DIRECTIONS: Repeat every line of the data exactly; no picture belongs in the copy.

*** Opening of EXERCISE DATA ***

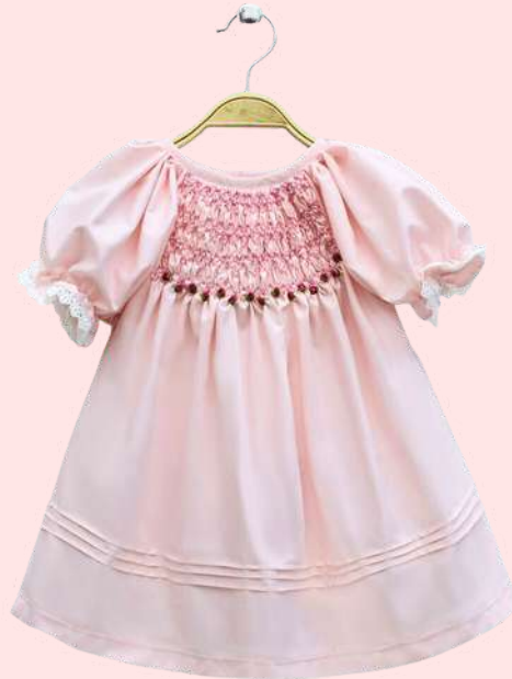
PRINCESS PASTEL PINK SMOCKED DRESS
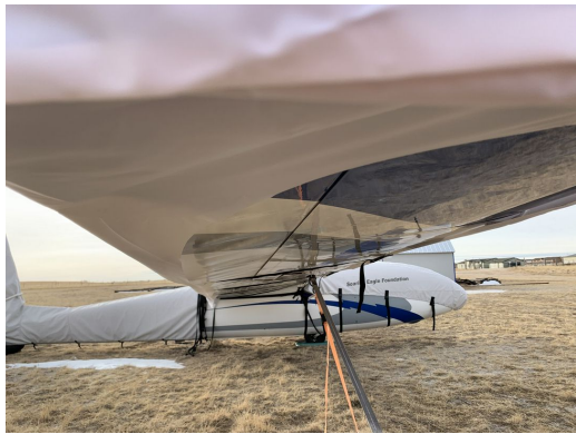
Blanik L-13 Canopy/Nose & Empennage Covers

the hottest of days. It is water, ice and snow repellent, yet breathable to allow moisture to escape from between the cover and the aircraft surface.

*** Close of EXERCISE DATA ***

RESPONSE TO THE EXERCISE:
PRINCESS PASTEL PINK SMOCKED DRESS
Blanik L-13 Canopy/Nose & Empennage Covers

the hottest of days. It is water, ice and snow repellent, yet breathable to allow moisture to escape from between the cover and the aircraft surface.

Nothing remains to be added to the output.